I’m back in Sydney once again for a few last days. What was an insurmountable task of finding my way to my hostel from the airport via sub way has now become something of second nature. I feel oddly bold about making my way around the city. It isn’t completely new. But is there more to this feeling? There seems to be a hint of “I’m going to miss this country” in my brain at the moment. How could this be? How could I go through a country for 2 months (many times enduring the same arrogance that the locals claimed that my people embodied) in a country that was not what I had hoped it would be and get a feeling that I was going to miss the place? Maybe it was fact that I had never been anywhere abroad for this long. Maybe it was the fact that this was the last primarily English speaking country that I was going to be in for the next 4 months. Maybe it was just my brain being excited for circling back for once in the last 3 months.
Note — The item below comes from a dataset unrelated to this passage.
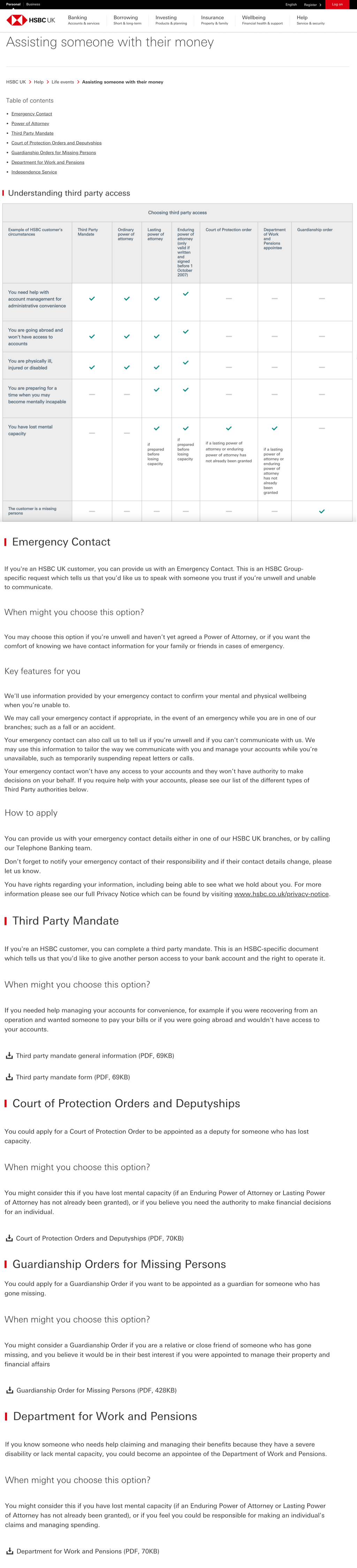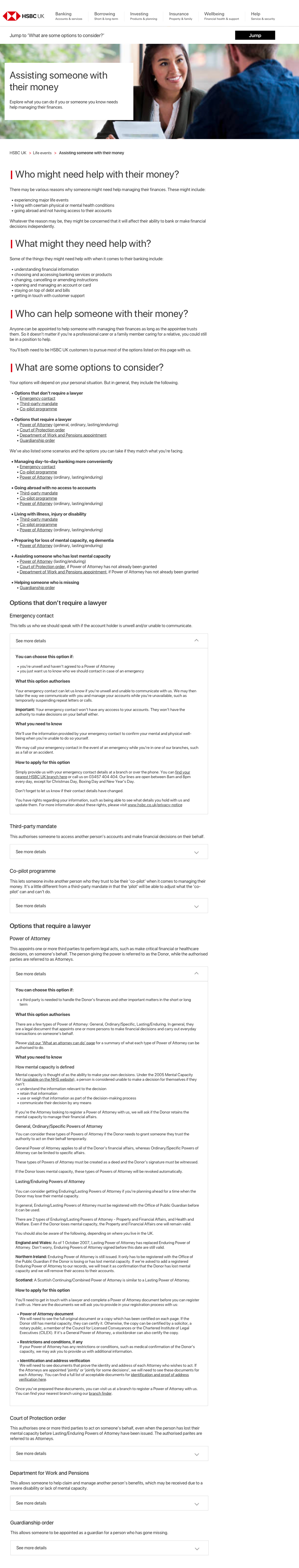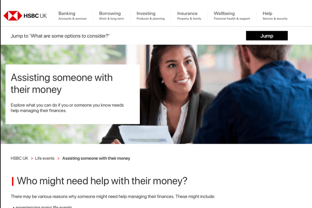 Identify areas to improve upon for the existing ‘Assisting someone with their money’ page on the HSBC UK website.
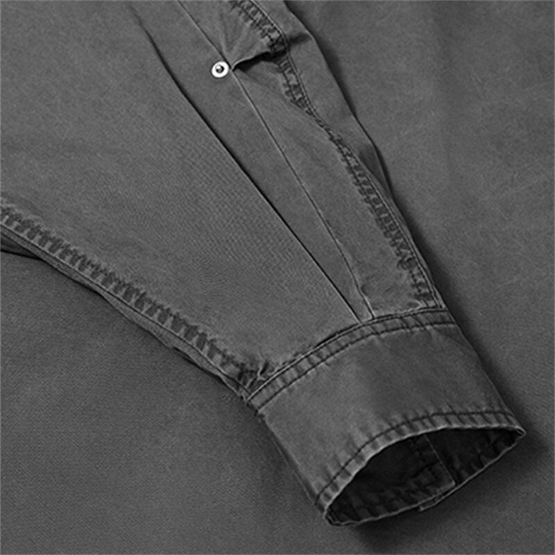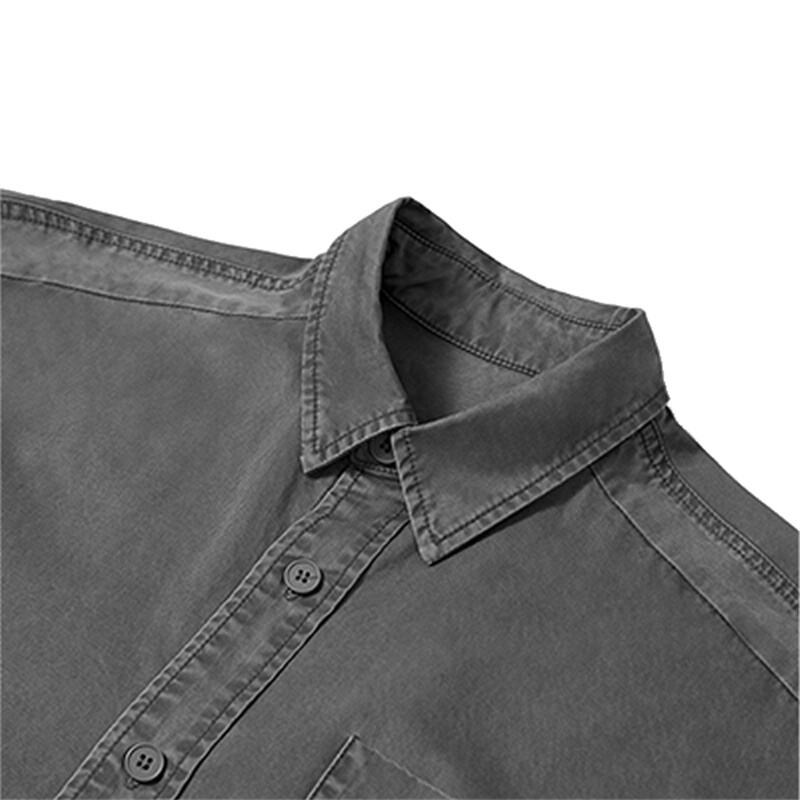 This men's long sleeve shirt features vintage washed fabric and utility pocket design. With classic lapel and relaxed fit, it’s durable, stylish and perfect for daily casual streetwear.

Maybe it was my brain screaming in delight for some sort of familiarity just as it screams this way when I come upon variety at home. Maybe this was my brain craving something a little more middle path than I have been traveling for the past 3 months. I am by no means home sick though. I’d like to do this at the end of every country, but when the speed of countries visited increases I won’t have time for:
Australia is; New Zealand Was
There is nothing more fun than being able to look at old experiences again based on the new experiences you’ve had. It’s the “man if I had this brain/confidence/body/self esteem in high school” scenario, only with traveling.
Come to think of it, maybe the title should be “Australia was; New Zealand Is” because I have greater insight on New Zealand now that I have seen it’s beautiful big sister. And yes, I do promise there will be an “I was; I am” and the end of this great journey.
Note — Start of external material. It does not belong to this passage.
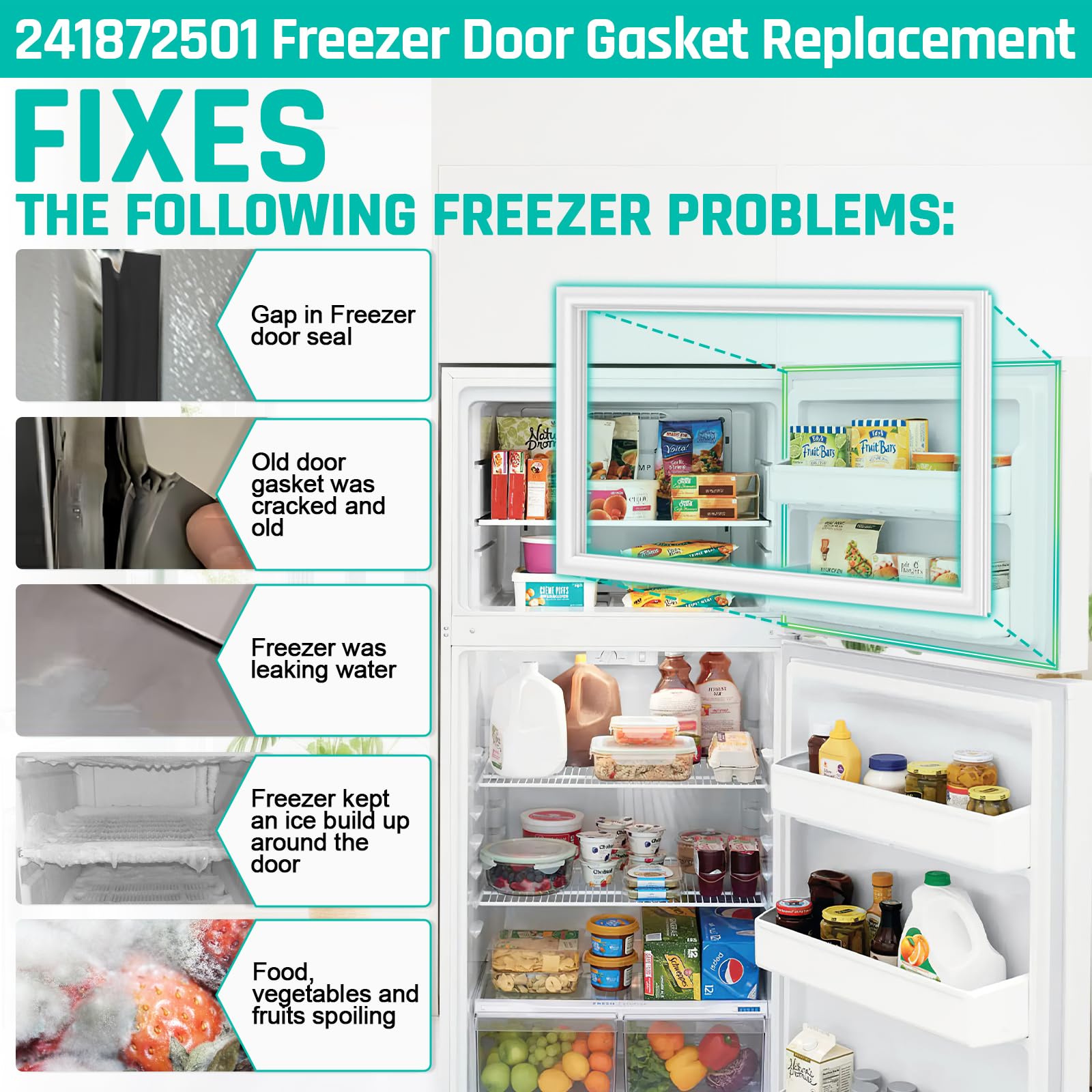 - [Built-in Strong Suction Strip,Great Sealing ] Our gasket 241872501 uses thicken magnetic strips, resistant to bending, strong suction for effective sealing and functions the same as original OEM-branded parts, but quality seal better than OEM. Perfect insulates the outside air and creates a low-temperature environment to keep your food fresh. You no longer need to worry about food being oxidized or contaminated, 241872501 freezer door seal will guard the deliciousness for you.

Onto the good stuff: Australia is a great way to appreciate New Zealand more. Boom.
I’ll open with a story about me going to the Airport in Cairns. I jumped into a shuttle van that an old tanned man was driving. I was the only passenger that he had that day so he began to talk to me about who I was and where I was from. I was a little surprised in the sincerity in his voice. He had the standard accent, but when the poignant question of where are you from came to the table, there was no arrogant twang under his breath. I told him and his response didn’t feel loaded either. I felt like maybe I had been dealt a bunch of jokers in a row (in my two months of Australia) and maybe there was a need for a re-evaluation. I said to him “Have you always lived in Cairns” and he put his foot on the break at the red light, swung back to stare me in the eye for the first time (not via the rear view mirror) and said “ Naw, Mate; I’m a Kiwi!”
A hah! I knew there was something off. We spent the rest of the ride talking about the sincerity of people in New Zealand (Kiwis) Vs the People in Australia.
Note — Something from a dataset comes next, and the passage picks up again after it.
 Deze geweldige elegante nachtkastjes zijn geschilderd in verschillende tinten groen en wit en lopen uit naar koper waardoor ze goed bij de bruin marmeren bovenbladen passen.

I didn’t realize how wonderful New Zealand was until I had Australia to set as a back drop. I didn’t quite appreciate the people’s genuine nature until I encountered Australia’s people. I didn’t appreciate the long lasting connections that I made in New Zealand until I encountered the Backpackers Dilemma in Australia.
Australia was a series of beaches (many of them with much cleaner and purer sands and water than anything you can find in California, but none the less, for the most part, and just a string of beaches.) It’s fair to say that I didn’t see all of Australia, so It’s not fair to rate it as so one dimensional, but to be fair, a country shouldn’t be a riddle. Its strengths and bravado should slap you in the face upon walking off of the plane. You should be struck with a blow to your soul that makes you sit and wonder how you ever went this long without visiting.
I loved the Great Barrier Reef so much that it completely saved my endorsement of Australia. I would say that everyone needs to go to Australia in their life time, but you don’t need to go for two or even one month here. Just go to the reef, get under the water and see something so marvelous that it made can make an atheist wonder.
Go to New Zealand. Walk on a Glacier one day, a rain forest the next, and a volcano the following. Enjoy a country who doesn’t know how beautiful it is yet. Enjoy a people who are as sincere as they are happy to see you. Bring your coat and your rain coat J
Australia was a snobby gal while New Zealand is that intern who you hired on a whim and ended up being your successor in the company. But New Zealand won’t be like this forever. Eventually it will gain more lime light than its overgrown sister and more people will flood into its lands than she can handle and she will get the same attitude as Hawaii (“please just give me a break from all these tourists that continuously crawl through my skin”).
So if you like natural wonders, breathtaking views and events, an easy travel path, and a genuine people: go now, to New Zealand.
Alex
So great to spend an afternoon with you and Patrick in Sydney!! I always laugh and relax when I am visiting with you! Enjoy your next journey to Thailand!! Am anxious to hear your take on that country.